I can't even bother to roll my eyes when I would read that the military has a Stargate like the Stargate in the movie Stargate.  Now you can go and research how the term Stargate was used in fiction prior to the movie, you can find the first usage of the term, you can trace the history of time travel and wormholes in science fiction, but you really don't need to.  Someone just saw the movie Stargate.  Or maybe the TV show - still can't get over how that was a thing.

Such blatant plagiarism is inevitably accompanied by grandiose justifications and further conspiracy theories:

  • The government doesn't want you to know the truth about wizards, so it presents Hogwarts as a fiction so that truth-tellers like me will be ridiculed.
  • The government is slowly introducing us to the idea of the Galactic Empire so that we won't panic when the Death Star comes into orbit.
  • Disney wanted to warn us about menace of talking, pantsless, ill-tempered mallards but had to disguise his warnings as fiction.

These are all bullpoop, but what's worse, it's bullpoop to cover for lazy intellectual thievery.  While I feel it's gotten worse in the last couple of decades, this phenomena goes back to the very origins of modern horse hockey - Helena Blavatsky.

I had assumed the influence was the other direction, but Blavatsky's work came after that of Edward Bulwer-Lytton's The Coming Race.  I'm not expert enough (nor do I care to wade through Blavatsky's bibliography) to say how much of an influence Bulwer-Lytton was on her, but I wouldn't say she lifted her entire cosmology from him.  However, there is the whole "ascended race with special powers living in the hollow earth" thing going on in both.

I'll deal with Blavatsky and the Coming Race in more depth later, but for now, "I'll just leave this here" as the kids like to say.

"Sir E. Bulwer-Lytton, in his Coming Race, describes it as the VRIL, used by the subterranean populations, and allowed his readers to take it for a fiction."
"Absurd and unscientific as may appear our comparison of a fictitious vril invented by the great novelist, and the primal force of the equally great experimentalist, with the kabalistic astral light, it is nevertheless the true definition of this force.

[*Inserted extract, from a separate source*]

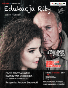 EDUKACJA RITY to kultowa sztuka angielskiego autora Willyego Russella, w adaptacji wybitnego rezysera i aktora teatralnego i filmowego, Andrzeja Strzeleckiego. To znakomity, zabawny i wzruszajacy spektakl dla tych, którzy zadaja sobie pytanie, czy w zyciu warto zaczynac wszystko od poczatku. W tytulowej roli Rity jedna z najbardziej obiecujacych polskich aktorek mlodego pokolenia, Katarzyna Ucherska (Barwy szczescia, M jak milosc, Na dobre i na zle, Ojciec Mateusz, Klan), a w roli uniwersyteckiego profesora, jeden z najwybitniejszych polskich aktorow, znakomity Piotr Fronczewski. Duet ten bedziemy mogli podziwiac we wzruszajacej komedii, opowiadajacej historie przyjazni Franka, uniwersyteckiego profesora, alkoholika i Rity, jego studentki, ambitnej fryzjerki, sluchaczki niedzielnego uniwersytetu. Ona, wulkan energii, entuzjazmu i mlodzieczej otwartosci, mloda fryzjerka z niezamoznej rodziny, marzy o wyrwaniu sie do lepszego swiata i dlatego zostaje studentka uniwersytetu otwartego. Tam trafia na Niego, naduzywajcego alkoholu, doswiadczonego profesora literatury. On, niespelniony poeta, zamkniety w sobie, zgorzknialy i zrezygnowany. Dzien, w którym Rita pojawia sie w gabinecie Franka, w magiczny sposob zmienia ich oboje. Rodzi sie przyjazn, moze milosc, odrobina pozadania. Pelna elektryzujacych momentów, zwrotów akcji, humoru i byskotliwych bon motów sztuka, w rekach rezysera z poczuciem humoru i w wykonaniu doborowej obsady aktorskiej, staje sie madra i zabawna przypowiescia o odwiecznych ludzkich pragnieniach wiary w drugiego czlowieka, bawi, wzrusza i sklania do refleksji.

Discoveries are constantly being made to corroborate the statement thus boldly put forth."
"The name vril may be a fiction; the Force itself is a fact doubted as little in India as the existence itself of their Rishis, since it is mentioned in all the secret works."
I'll conclude with this - Disney's Michael Eisner revealing the truth about the government withholding facts about alien contact.  A complex double-bluff?  Or just hitting up the X-Files demographic to promote a new attraction?